> **TO DO**: When copying the data below, keep only the lines from the one with "Schools are closed" through the one with "(总)米莱家纺 2025新款", word for word, and skip the pictures.

[[ DATA RECORDS, beginning ]]

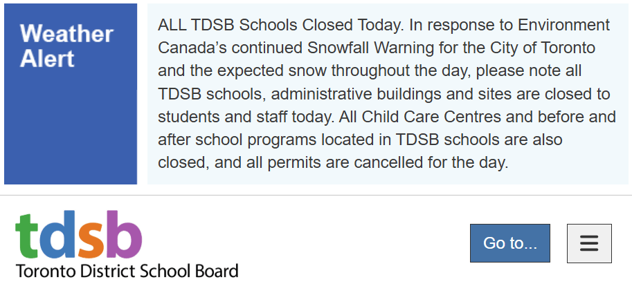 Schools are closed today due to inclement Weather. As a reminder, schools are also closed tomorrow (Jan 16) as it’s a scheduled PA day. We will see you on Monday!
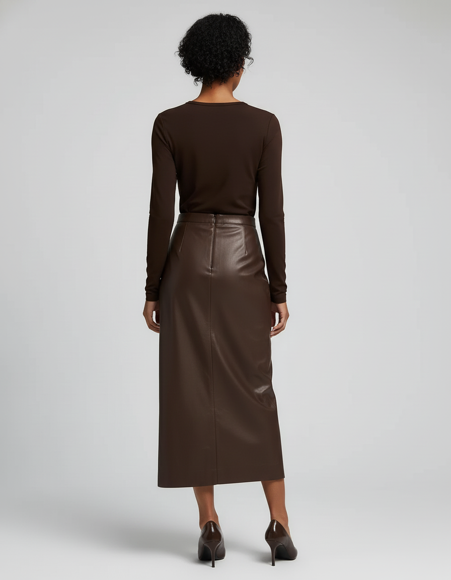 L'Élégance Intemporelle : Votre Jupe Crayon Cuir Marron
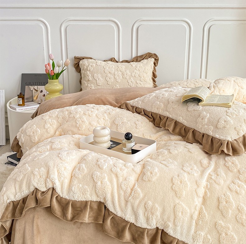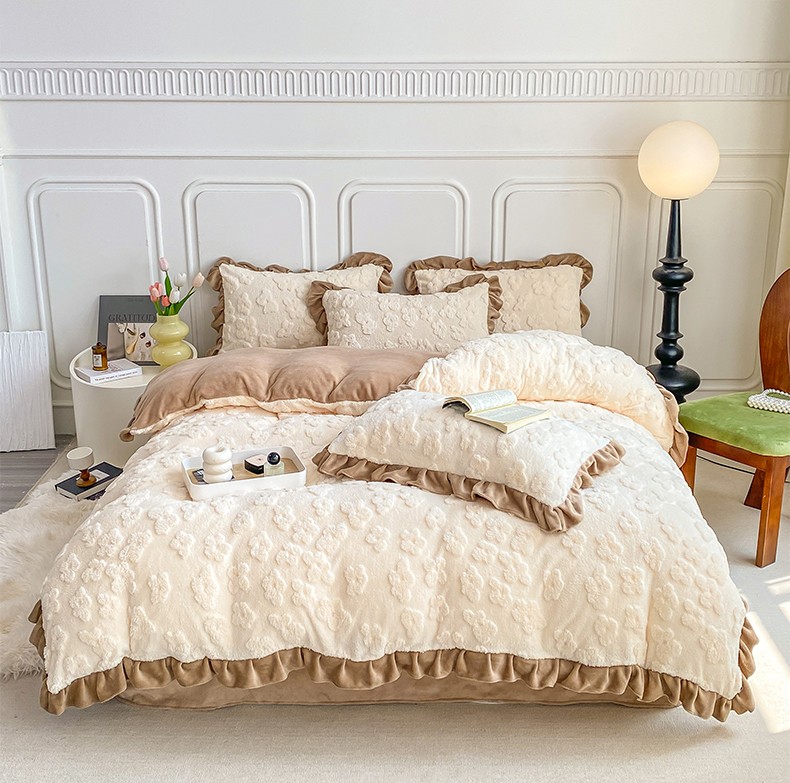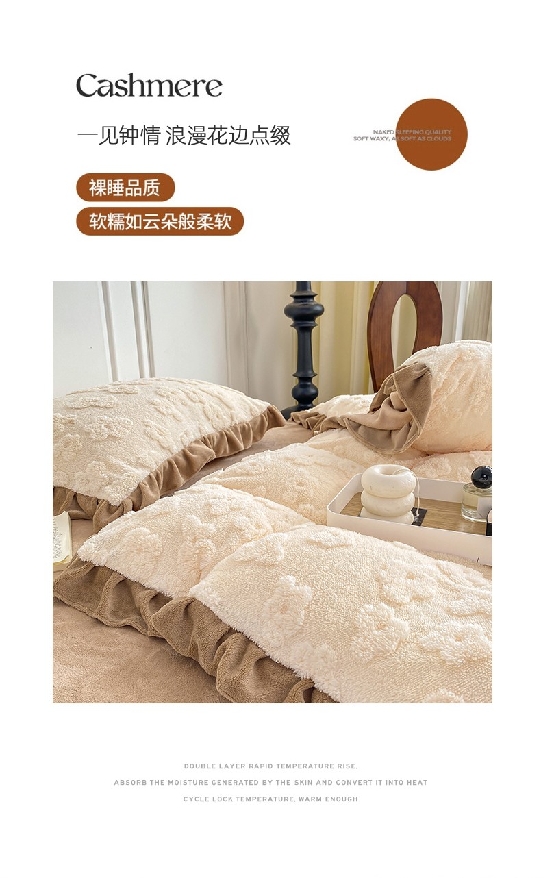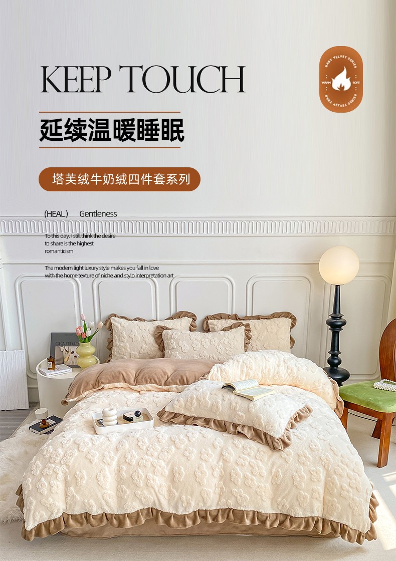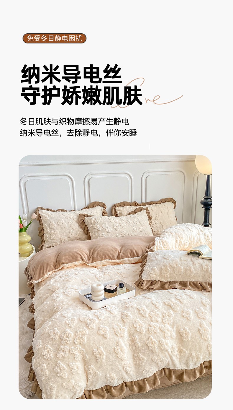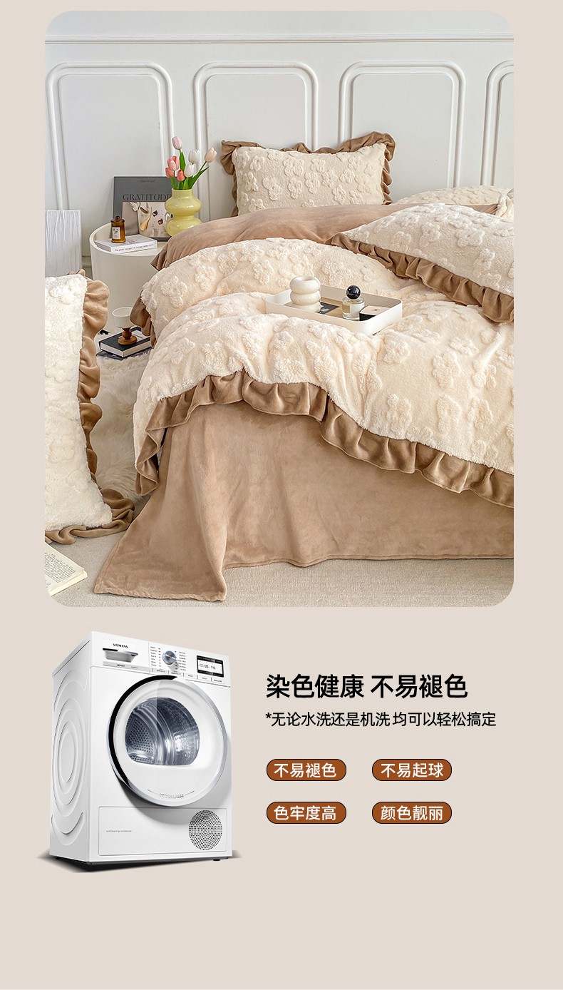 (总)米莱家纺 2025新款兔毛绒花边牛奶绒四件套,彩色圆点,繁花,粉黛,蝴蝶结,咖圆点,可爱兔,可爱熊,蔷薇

[[ DATA RECORDS, end ]]
[[ DATA RECORDS, beginning ]]

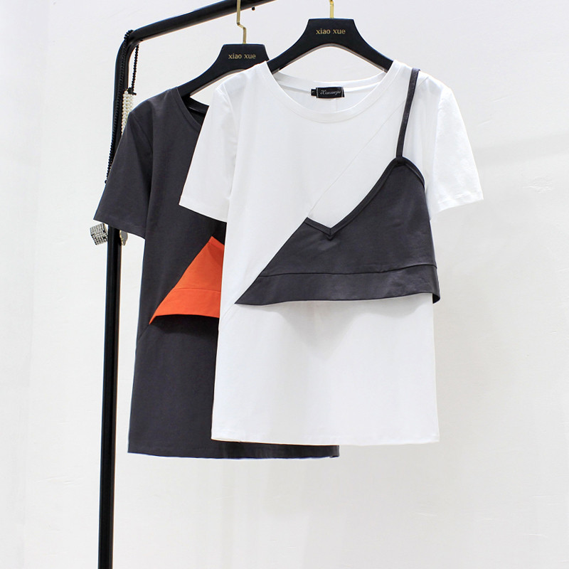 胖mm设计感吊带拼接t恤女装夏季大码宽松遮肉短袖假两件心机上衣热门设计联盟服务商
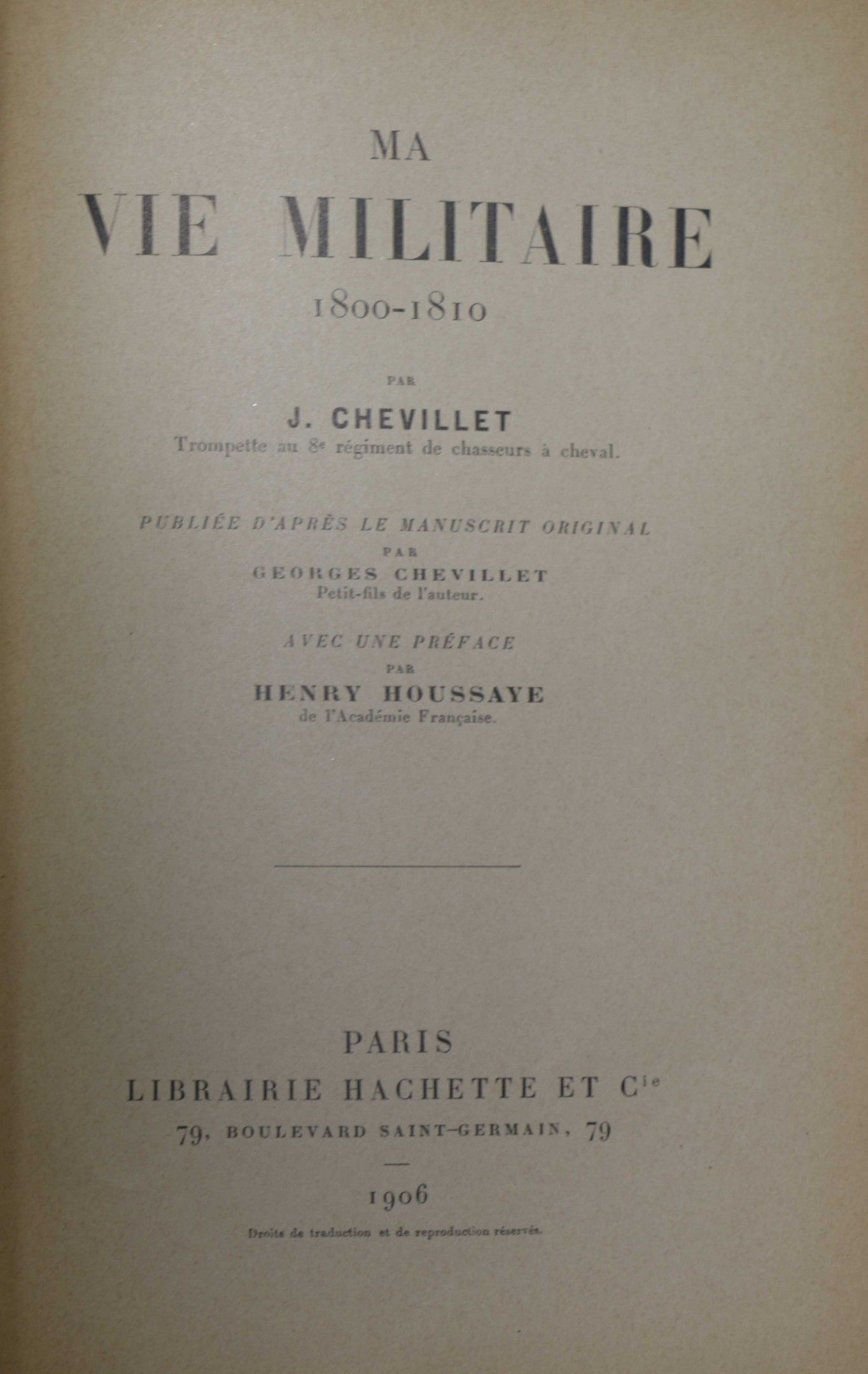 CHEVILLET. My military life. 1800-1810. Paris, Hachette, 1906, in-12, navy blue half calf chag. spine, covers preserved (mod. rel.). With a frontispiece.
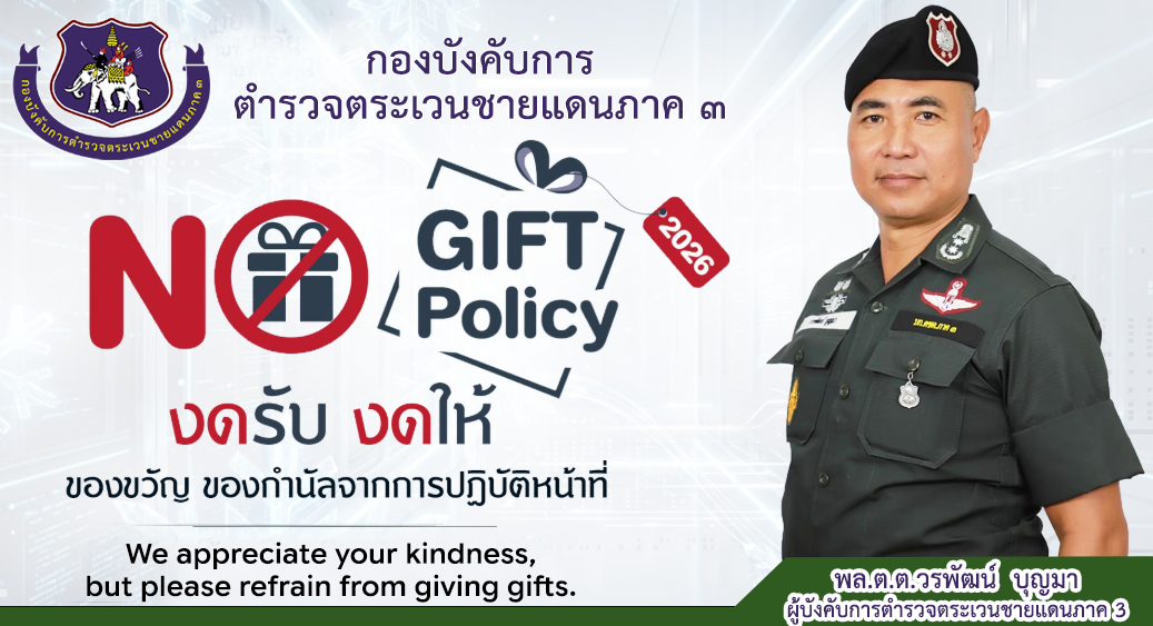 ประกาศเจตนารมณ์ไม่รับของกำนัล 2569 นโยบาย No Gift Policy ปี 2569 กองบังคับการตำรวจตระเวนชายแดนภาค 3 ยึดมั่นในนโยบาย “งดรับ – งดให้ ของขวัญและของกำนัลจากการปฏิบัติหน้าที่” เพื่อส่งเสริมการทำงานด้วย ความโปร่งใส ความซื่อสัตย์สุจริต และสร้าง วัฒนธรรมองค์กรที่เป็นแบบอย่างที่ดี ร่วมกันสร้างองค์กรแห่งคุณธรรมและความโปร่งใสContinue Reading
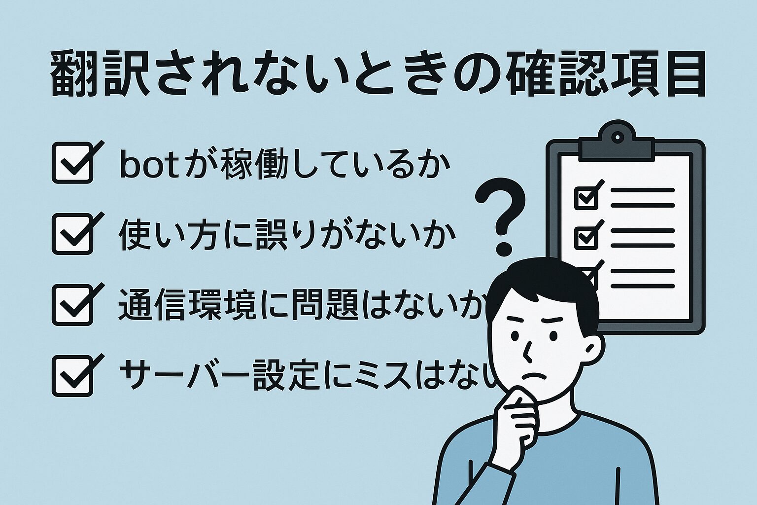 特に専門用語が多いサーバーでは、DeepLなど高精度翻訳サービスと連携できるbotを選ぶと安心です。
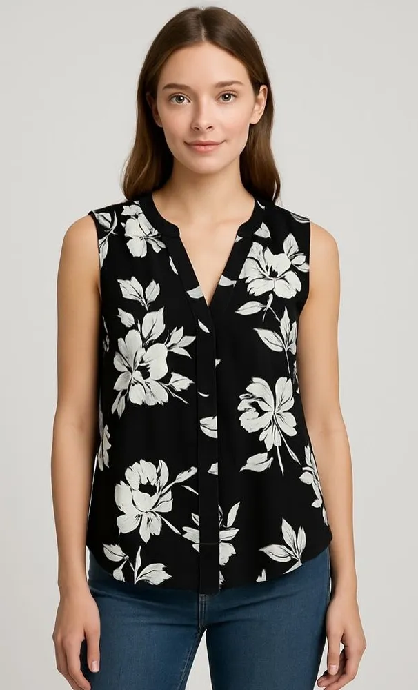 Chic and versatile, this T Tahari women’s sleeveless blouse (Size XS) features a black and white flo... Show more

[[ DATA RECORDS, end ]]

> **FINISHED EXERCISE**:
 Schools are closed today due to inclement Weather. As a reminder, schools are also closed tomorrow (Jan 16) as it’s a scheduled PA day. We will see you on Monday!
 L'Élégance Intemporelle : Votre Jupe Crayon Cuir Marron
 (总)米莱家纺 2025新款兔毛绒花边牛奶绒四件套,彩色圆点,繁花,粉黛,蝴蝶结,咖圆点,可爱兔,可爱熊,蔷薇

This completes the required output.